Momentum search algorithm: a new meta-heuristic optimization algorithm inspired by momentum conservation law

Abstract

A novel optimization methodology, Momentum Search Algorithm (MSA) is presented based on Newton’s laws: the law of conservation of momentum. It includes a set of masses in a closed system considering the conservation of momentum and kinetic energy of bodies. The possible solutions are presented by system bodies’ positions in an n-dimensional space. The mass of bodies is proportional to their fitness function. Larger masses represent the better solutions. At each iteration, an external body collides separately with all solution bodies and moves them toward the optimum solution.
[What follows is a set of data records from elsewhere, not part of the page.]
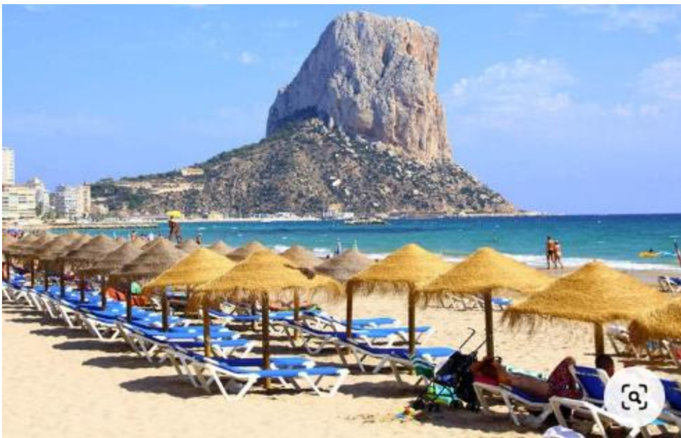
Peñón de Ifach

Otro atractivo de Calpe son sus salinas , unas antiguas explotaciones salineras que se remontan a la época romana y que hoy en día son un humedal protegido donde se pueden observar aves como flamencos, garzas o cigüeñas.
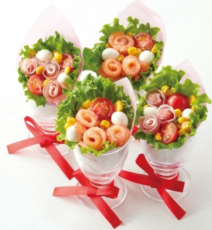
新しいレシピ モッツアレラとプチトマトのカップブーケサラダ
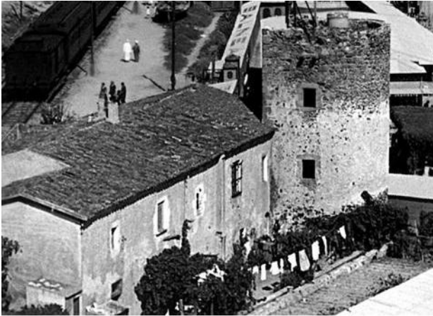
CAN MATHEU —>CA N' ALSINA
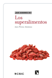
LOS SUPERALIMENTOS PÉREZ JIMÉNEZ, JARA
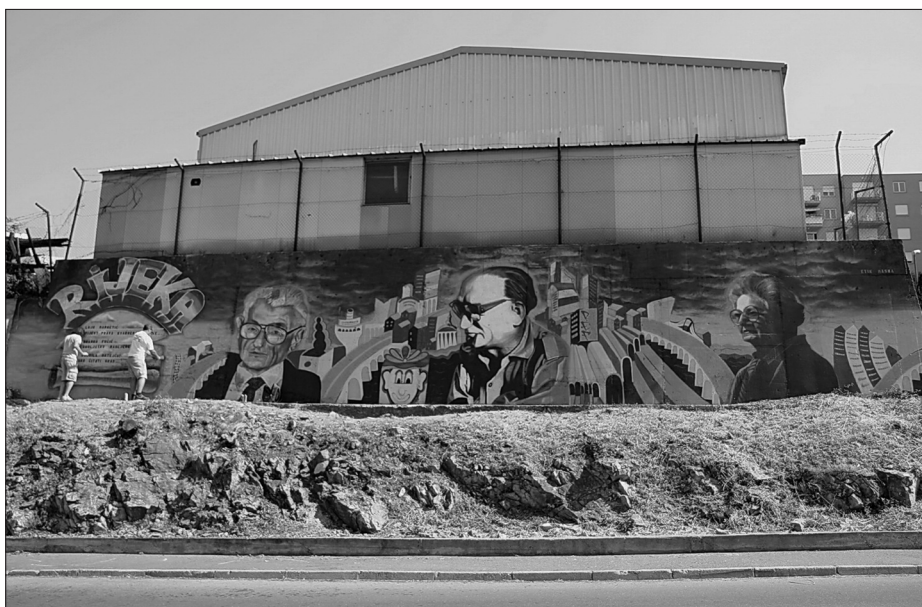
Mural Mesto Baltazar i reški profesorji , junij 2012

Lokacija je enako pomembna zato, da senzibilizira vse več ljudi za take projekte, ki se tako začnejo neustavljivo širiti. Zame je bila najpomembnejša lokacija na Mihanovičevi – in sam Mihanović, ker se ime ulice neposredno ujema z opravljenim enciklopedijskim vnosom. (Gustin, intervju, 2015)
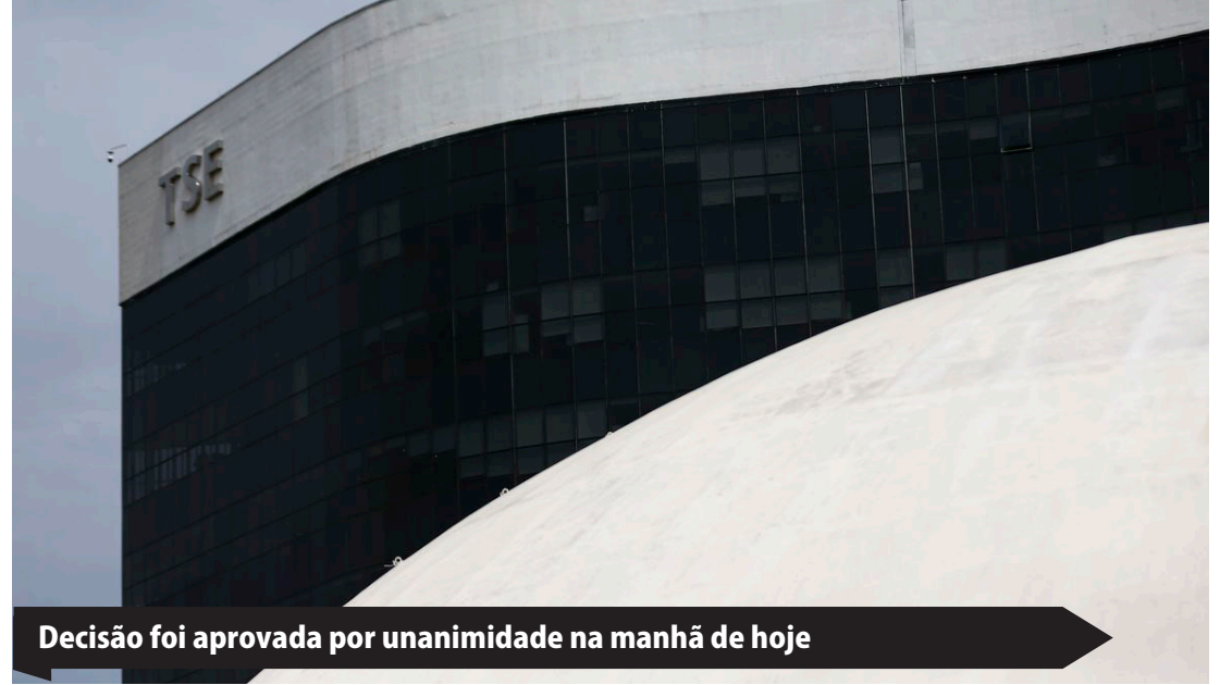
Decisão foi aprovada por unanimidade na manhã de hoje

Moraes disse que já tratou desses assuntos com representantes das redes sociais, e que se reunirá com os advogados dos dois candidatos, que estavam presentes na sessão: “isso será bem especificado para evitar, depois, qualquer acusação de abuso de poder político ou econômico utilizando a internet”. (Com informações da Agência Brasil)
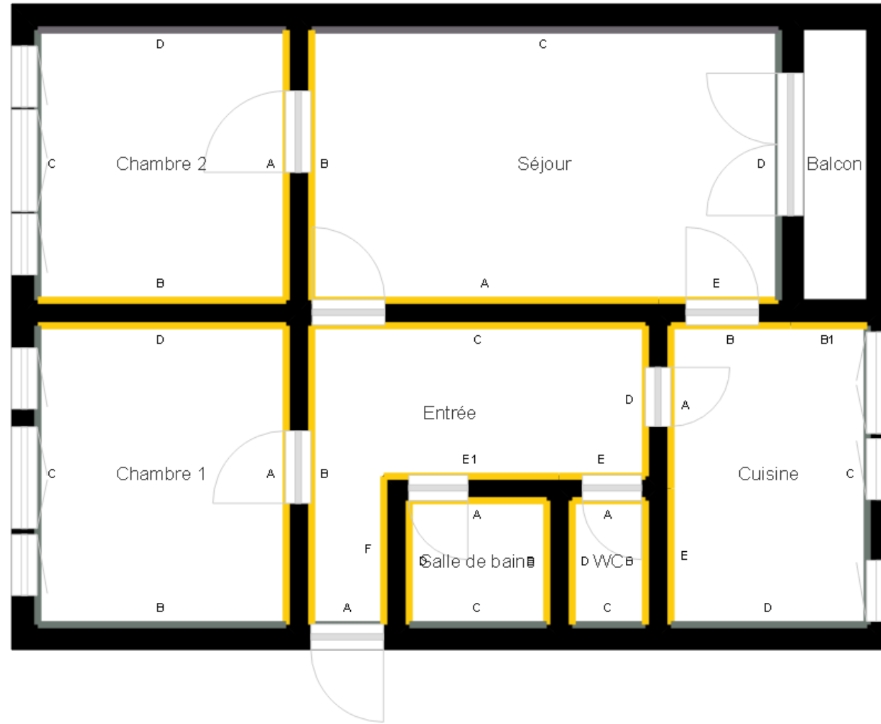
PLANCHE DE REPERAGE

Bien : 447LBI0001 - LOGT 520 19 RUE HENRI GUILLAUMET 77400 LAGNY SUR MARNE
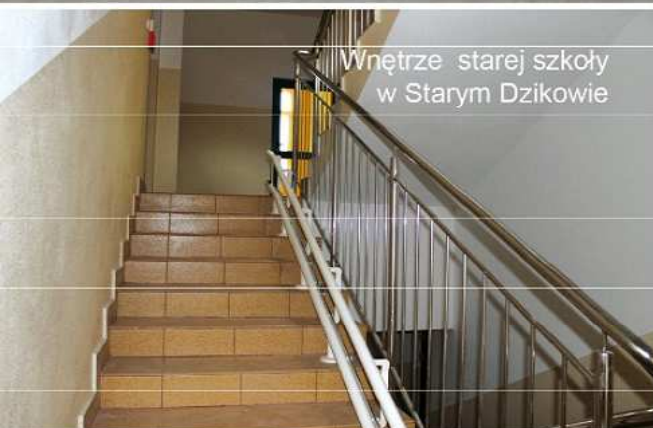
Wnętrze starej szkoły w Starym Dzikowie
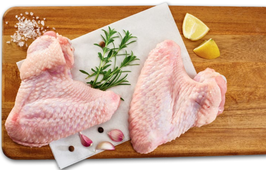
SKRZYDŁO Z INDYKA OK. 0,8 KG 266146
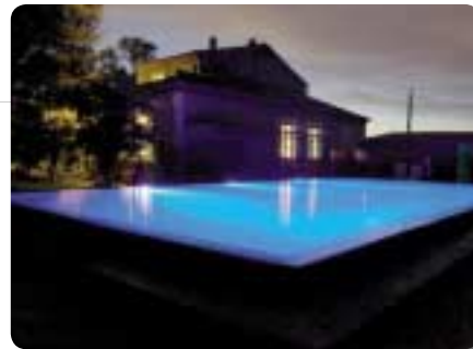
Piscine privée, 160 m 3 , France
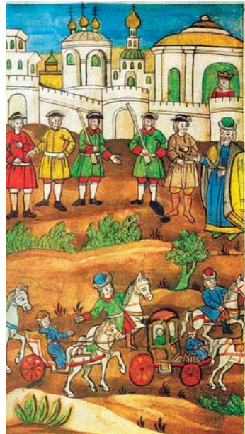
სოფია ალექსის ასულის 1689 წელს ნოვოდევიჩის მონასტერში გამოკეტვის ამსახველი მინიატურა

ძნელია მარჩიელობა, რა აზრები ანუხებდა ჭკვიან მეფეს, როცა 1650 წ., ელჩების (ნიკიფორე ტოლოჩანოვისა და ალექსი იევლევის) მეშვეობით, თეიმურაზ I შვილიშვილის ლუარსაბის ან ერეკლეს მოსკოვში გაშვება მოსთხოვა. ალექსი მეფემ კარგად იცოდა, რომ იმერეთში გადახვეწილ კახეთის მეფედ ყოფილ თეიმურაზ I, მძიმე წარსული და უიმედო მომავალი ჰქონდა. დედა და შვილები, სპარსეთის შაჰმა აბას I დაახოცინა. ქალიშვილი დარეჯანი, ჯერ ზურაბ არაგვის ერისთავს მიათხოვა (გიორგი სააკაძის რჩევით), შემდეგ იმავე დარეჯანის მეშვეობით სიძე ზურაბი მოაკვლევინა და დაქვრივებული იმერეთის მეფე ალექსანდრეს მიათხოვა. ვაჟი დავით ქართლისათვის ბრძოლას შეეწირა. თავად თეიმურაზი შვილიშვილებით (ლუარსაბი, ერეკლე, ქეთევანი) იმერეთში აფარებდა თავს. სწორედ აქ მოსთხოვეს რუსეთის ელჩებმა ერთი შვილიშვილის მოსკოვში მივლინება. ბოლოს თეიმურაზ I დათანხმდა უმცროსის, ერეკლეს, გამგზავრებას. ერეკლეს თან გაჰყვა დედა, ელენე ლევანის ასული და ასამდე ქართველი საერო და სასულიერო პირი. ამის შემდეგ მოსკოვში ერეკლე ხდება ნიკოლაი დავიდოვიჩი, ხოლო ელენე, – ელენა ლეონტიევნა. ასეთია რუსეთში მათი ცხოვრების თავისებურება. (ბატონ ვახტანგ ტატიშვილს აქვს სპეციალური კვლევა ჩატარებული ამავე საკითხებთან დაკავშირებით
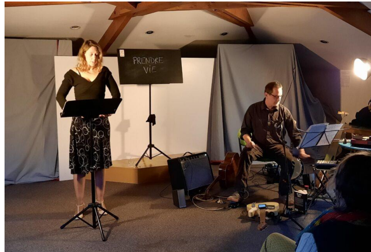
Cie Les pieds bleus, édition 2022 des Lectures vivantes
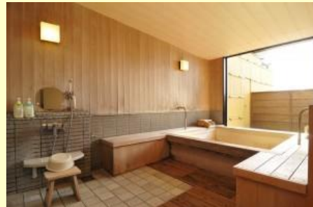
バリアフリー・さいわいの湯

入浴・休憩 500円 (税別) 午前 11 時 00 分～午後 3 時 00 分
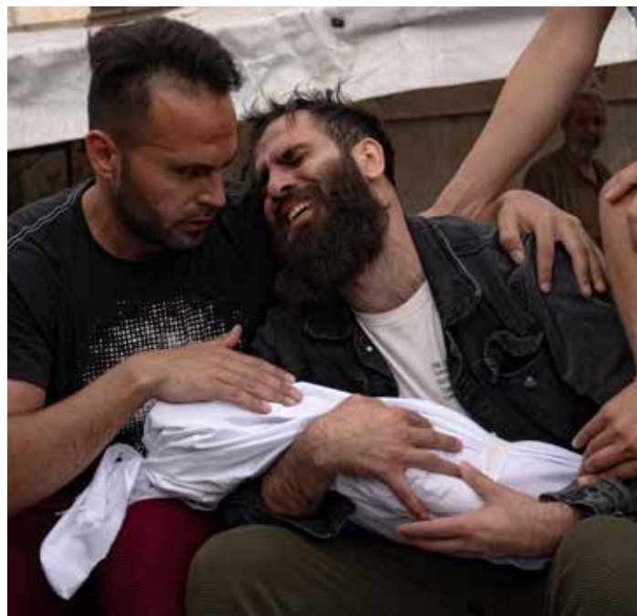
29 ottobre 2023, Khad Younis. Un padre si dispera per la morte del figlio neonato
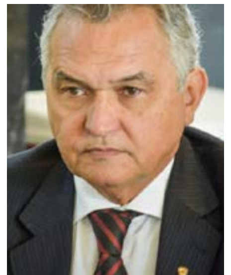
Girão terá que devolver R$ 25,6 mil

Apesar de terem que devolver dinheiro público do Fundo Eleitoral por irregularidades em suas prestações de contas, os parlamentares não sofrerão nenhum tipo de sanção referente às suas diplomações na próxima segunda-feira (19), na sede do TRE/RN. Segundo o procu-
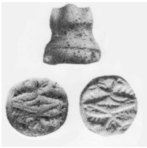
1. Stempelsiegel mit dem hammerförmigen Griff (nach: KEEL-LEU, OBO 110, S. 62, Nr 75).

Die Siegel, die mit den Darstellungen von Mischwesen verziert sind, sind vorwiegend Skarabäoide. Diese Form des Siegels, die auf dem ägyptischen Skarabäus basiert, drang bis an Syrien durch die Vermittlung von phönizischen Küstenstädten, die sie im allgemeinen Anfang des ersten Jahrtausends v.u.Z. adaptierten. 1 Nur ein Siegel hat andere Gestalt. Es besteht nämlich aus einer runden Basis und einem hammerförmigen Griff und knüpft eindeutig an die hethitischen Vorbilder an. 2
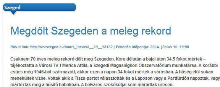
5. ábra: Tájékoztatás a melegrekord megdőléséről a Szegedi TV internetes lapján (2014. 06. 10.) ( http://vtszeged.hu/hun/s_!news/i__2/i__13132 )
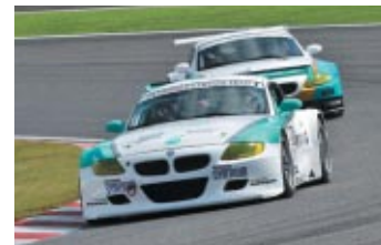
ST-1クラス優勝のPETRONAS SYNTIUM BMW Z4M COUPE

フルコースを舞台に同日開催されたスーパー耐久シリーズ 鈴鹿300kmは、終盤に同チームの争いとなりましたが、柳田真孝/D.アン/谷口信輝組が0.228秒差で逃げ切りました。
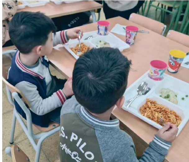
JUNTA DE EXTREMADURA

Las frituras que se elaboren en el día (que no procedan de productos precocinados) podrán servirse una vez a la semana como máximo, indicándose que para elaborar estas frituras se use preferentemente aceite de oliva o aceite de girasol alto oleico
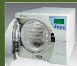
Millennium B2. 21 litros
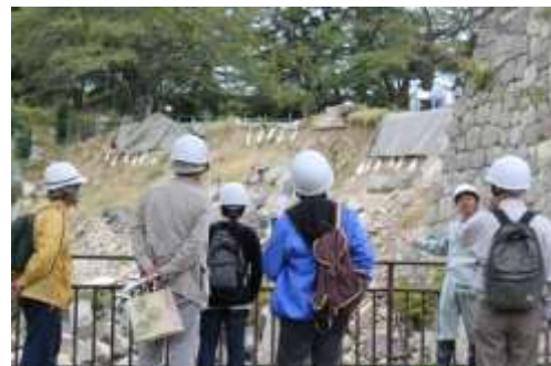
小峰城跡石垣修復箇所一般公開の様子

さらには、東日本大震災により崩落した小峰城跡の石垣修復に対する理解や関心を深めるため、工事の進捗状況や小峰城跡の様子などを定期的に一般公開している。
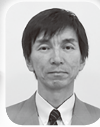
出石医療センター

この装置により、脊椎部と大腿骨部の骨密度を測定できます。測定は約10分で終了し、撮影時に痛み等は伴いません。
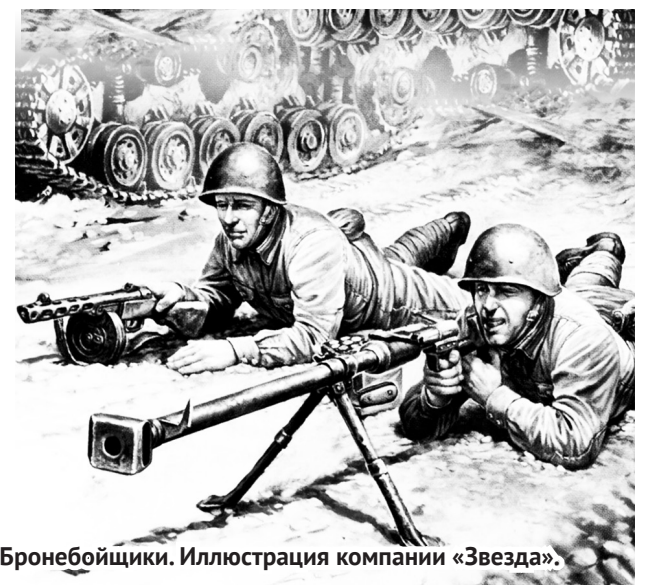
Бронебойщики. Иллюстрация компании «Звезда».
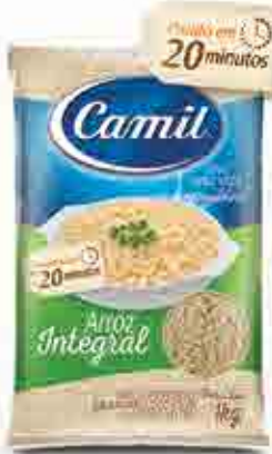
Arroz Integral Almofada
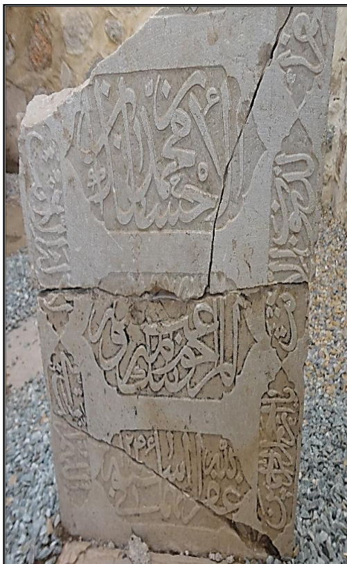
وێنه‌ی ژماره ۲ (تویژه‌ره‌ان)
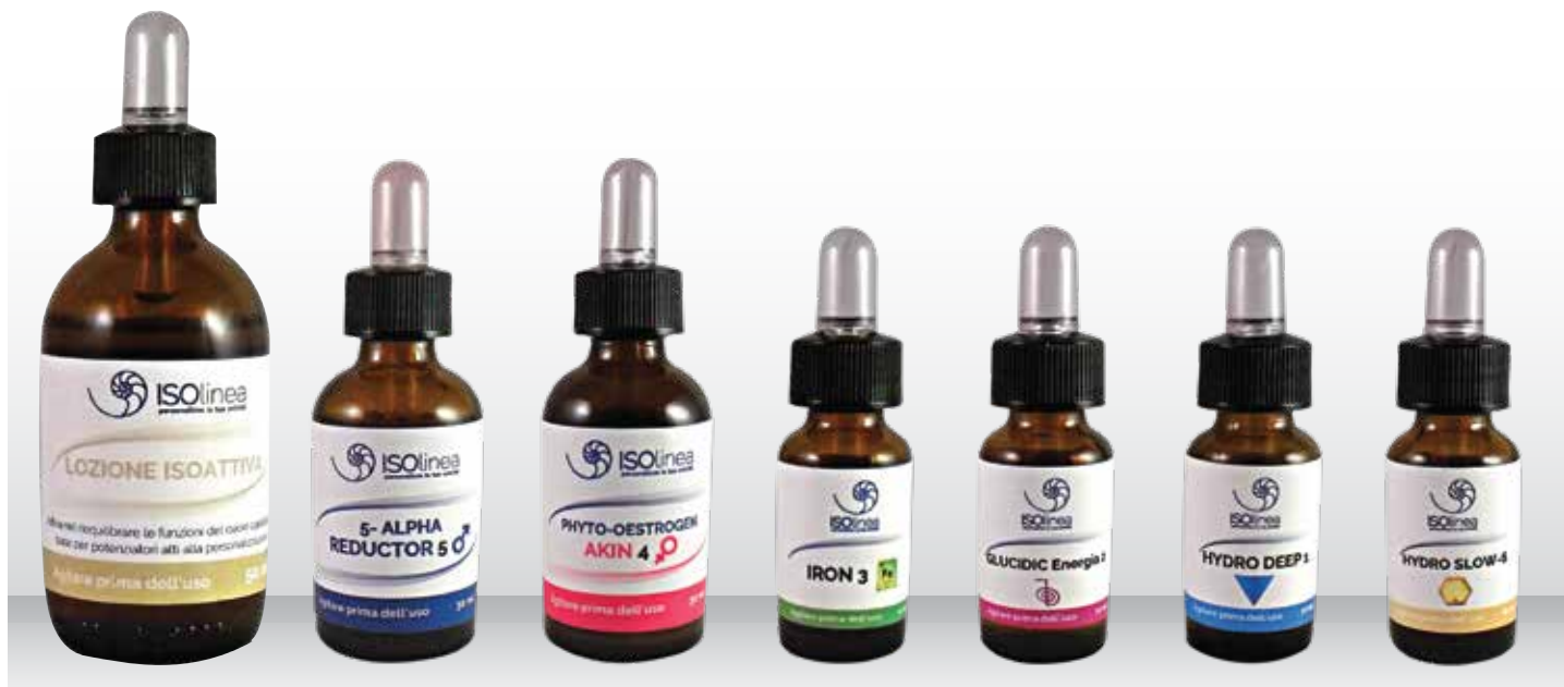
Fig. 1 Lozione ISOattiva con i sei potenziatori.

L'essere umano nasce con un patrimonio di follicoli dai quali escono i capelli, una cornice importantissima del nostro volto, della nostra persona. Ci rapportiamo al mondo esterno con un'immagine fatta di varie componenti, ma i capelli rivestono un ruolo fondamentale, infatti una testa "a posto", esteticamente gradevole, fornisce sicurezza e autostima. Il benessere psicofisico di un soggetto passa dalla sua accettazione e da come viene accettato dal mondo che lo circonda. La degradazione estetica dei capelli passa per primo da forme di "impoverimento", quindi capelli che diventano opachi, si assottigliano, non sono più belli come prima e hanno meno massa. Il peggior caso è quando si assiste ad un impoverimento di quantità. In ISOLINEA siamo cosapevoli che il diradamento dei capelli è frutto di una alterazione del naturale equilibrio che i capelli avevano precedentemente.
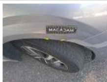
Pare-chocs AR, Déformé / Forcé, LI - Réparer et peindre (complet)
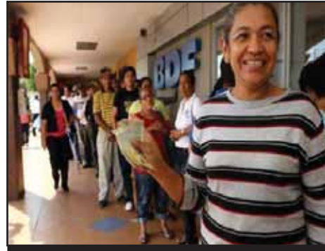
NICARAGUA: Aumento de salarios YA!!
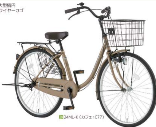
29 24ML-K (カフェ: C77)
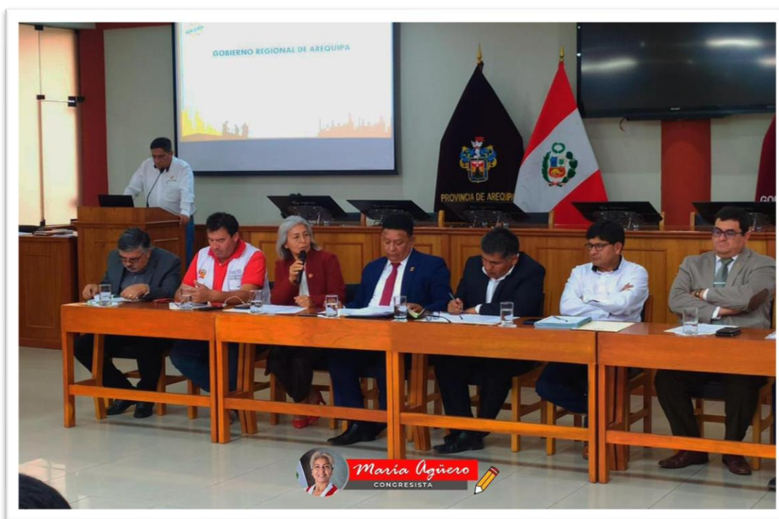
Figura 5: Reunión de trabajo del Grupo Multipartidario, denominada "Problemáticas, expectativas y articulación legislativa"

Finalmente se desarrolló la reunión de trabajo del Grupo Multipartidario, denominada "Problemáticas, expectativas y articulación legislativa", donde participé junto a mis colegas congresistas por Arequipa. Allí tratamos temas relacionados al sector salud, Majes Siguan I y II.
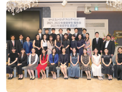
認定式・報告会(2023年)

奨学生に採択された方は、スカラシップ コンサートのほか、認定式・報告会、懇親会、アーティスト研修会などさまざまな行事にご参加いただくことができます。
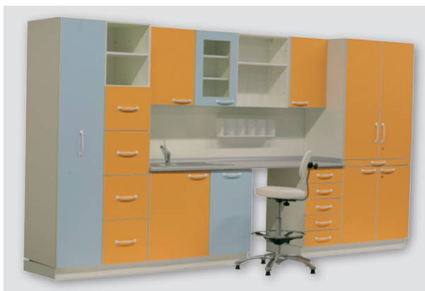
различные варианты цветного исполнения various color finishes
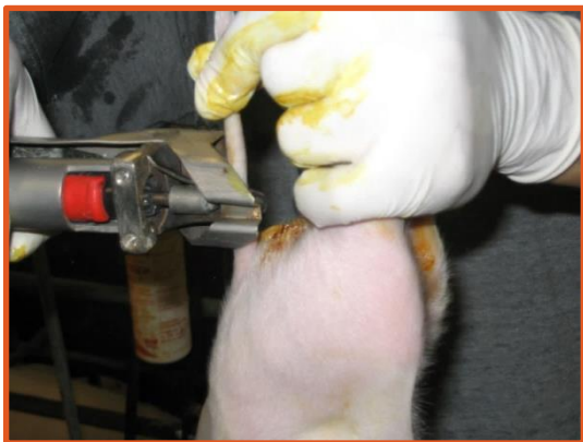
Caudectomie effectuée à l'aide d'une pince au gaz qui permet de couper et de cautériser la queue des porcelets de moins de 7 jours

La coupe de la queue permet de diminuer les risques de morsures de queue (caudophagie) entre des congénères qui partagent le même espace de vie. Toutefois, cette intervention n'élimine pas complètement le problème 6,21 .

The direction of the collision depends on the position of solution bodies and the position of the body with the best fitness function. As the better solutions have heavier bodies, the external body has less effect on their positions. On the other hand, the worse solutions are lighter and moved easily by the external body toward the better positions. The best position is achieved by allowing the external body to move the solution bodies toward better positions. The numerical results obtained from several standard benchmark test functions indicate the superiority of the proposed method over many other optimization techniques such as Genetic Algorithm, Particle Swarm Optimization, Gravitational Search Algorithm, Teaching–Learning-Based Optimization, Grey Wolf Optimizer, Grasshopper Optimization Algorithm, Spotted Hyena Optimizer, and Emperor Penguin Optimizer.